*** Opening of Data for analysis ***
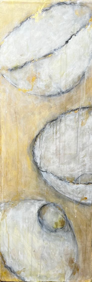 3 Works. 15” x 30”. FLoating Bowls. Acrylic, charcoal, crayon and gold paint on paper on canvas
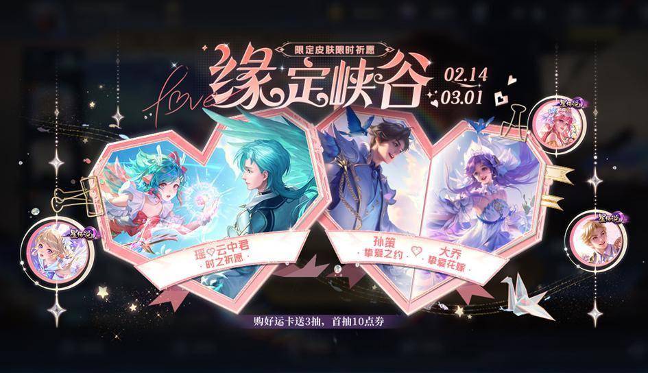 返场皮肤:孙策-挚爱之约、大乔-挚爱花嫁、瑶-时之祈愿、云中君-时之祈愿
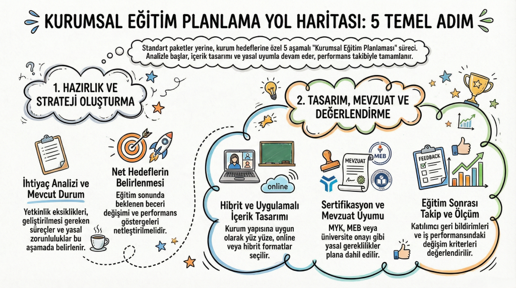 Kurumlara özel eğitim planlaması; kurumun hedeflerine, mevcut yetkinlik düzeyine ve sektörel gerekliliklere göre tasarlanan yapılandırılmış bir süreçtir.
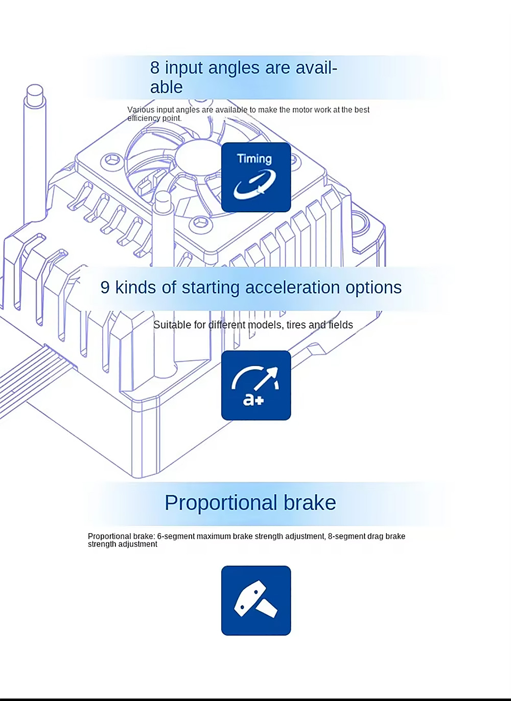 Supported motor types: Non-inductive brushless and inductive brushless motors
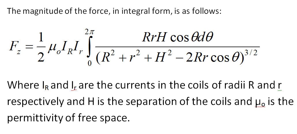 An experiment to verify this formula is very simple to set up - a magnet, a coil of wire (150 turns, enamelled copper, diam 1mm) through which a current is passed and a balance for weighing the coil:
*** Close of Data for analysis ***
*** Opening of Data for analysis ***
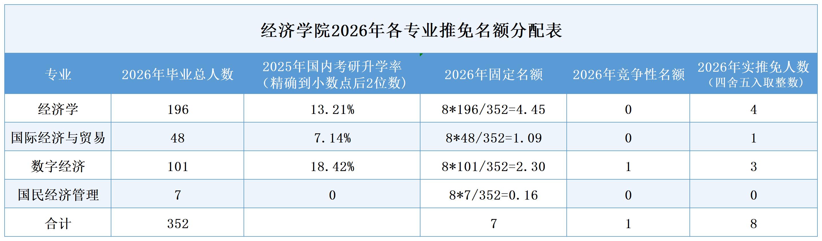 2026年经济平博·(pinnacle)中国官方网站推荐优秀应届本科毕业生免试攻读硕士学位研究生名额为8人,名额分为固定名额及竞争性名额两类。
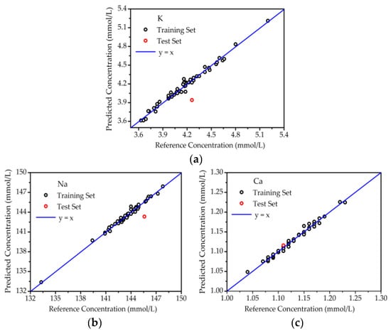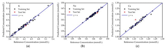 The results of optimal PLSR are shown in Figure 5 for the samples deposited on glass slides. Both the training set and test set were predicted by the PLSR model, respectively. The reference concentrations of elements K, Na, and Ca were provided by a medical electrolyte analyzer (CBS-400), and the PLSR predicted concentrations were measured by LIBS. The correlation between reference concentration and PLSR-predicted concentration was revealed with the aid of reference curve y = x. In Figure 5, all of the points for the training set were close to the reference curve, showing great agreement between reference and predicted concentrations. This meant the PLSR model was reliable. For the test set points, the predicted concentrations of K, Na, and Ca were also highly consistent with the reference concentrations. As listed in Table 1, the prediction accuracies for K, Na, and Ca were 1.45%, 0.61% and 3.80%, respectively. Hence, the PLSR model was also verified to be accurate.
*** Close of Data for analysis ***
*** Opening of Data for analysis ***
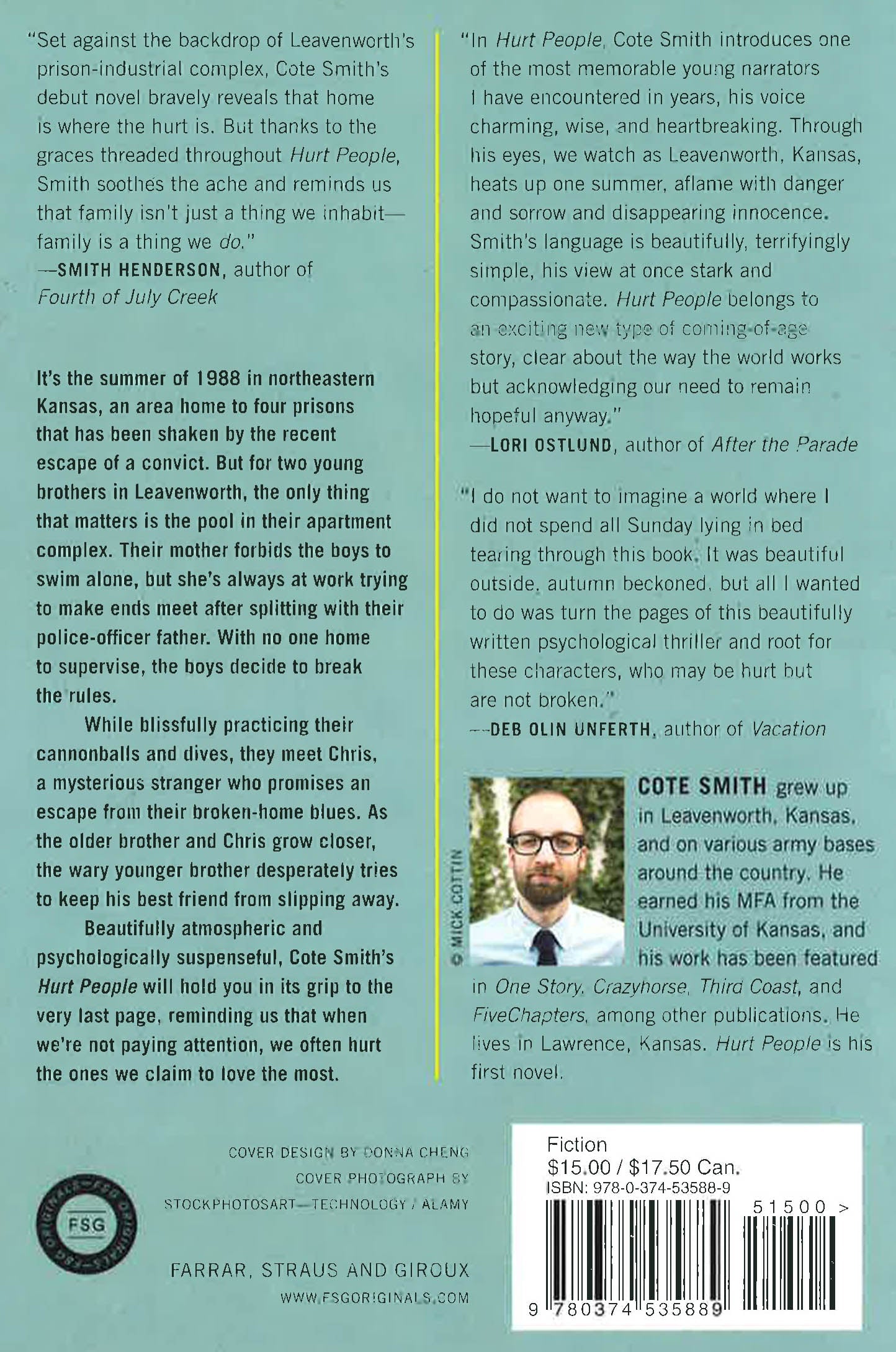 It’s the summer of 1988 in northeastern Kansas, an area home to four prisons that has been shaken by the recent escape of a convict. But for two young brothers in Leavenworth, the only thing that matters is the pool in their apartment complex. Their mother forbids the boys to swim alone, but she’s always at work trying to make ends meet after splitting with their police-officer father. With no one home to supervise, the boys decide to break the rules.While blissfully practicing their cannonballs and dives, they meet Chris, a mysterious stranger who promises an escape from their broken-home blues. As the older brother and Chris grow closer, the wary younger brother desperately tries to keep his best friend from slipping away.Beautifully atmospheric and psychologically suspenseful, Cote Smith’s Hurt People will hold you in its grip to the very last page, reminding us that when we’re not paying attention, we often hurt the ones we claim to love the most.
*** Close of Data for analysis ***
_About this exercise:_
Out of the records above, return only the lines from the one with "返场皮肤:孙策-挚爱之约、大乔-挚爱花嫁、瑶-时之祈愿、云中君-时之祈愿" through the one with "Kurumlara özel eğitim", exactly, and none of the pictures.

_Answer space:_
 返场皮肤:孙策-挚爱之约、大乔-挚爱花嫁、瑶-时之祈愿、云中君-时之祈愿
 Kurumlara özel eğitim planlaması; kurumun hedeflerine, mevcut yetkinlik düzeyine ve sektörel gerekliliklere göre tasarlanan yapılandırılmış bir süreçtir.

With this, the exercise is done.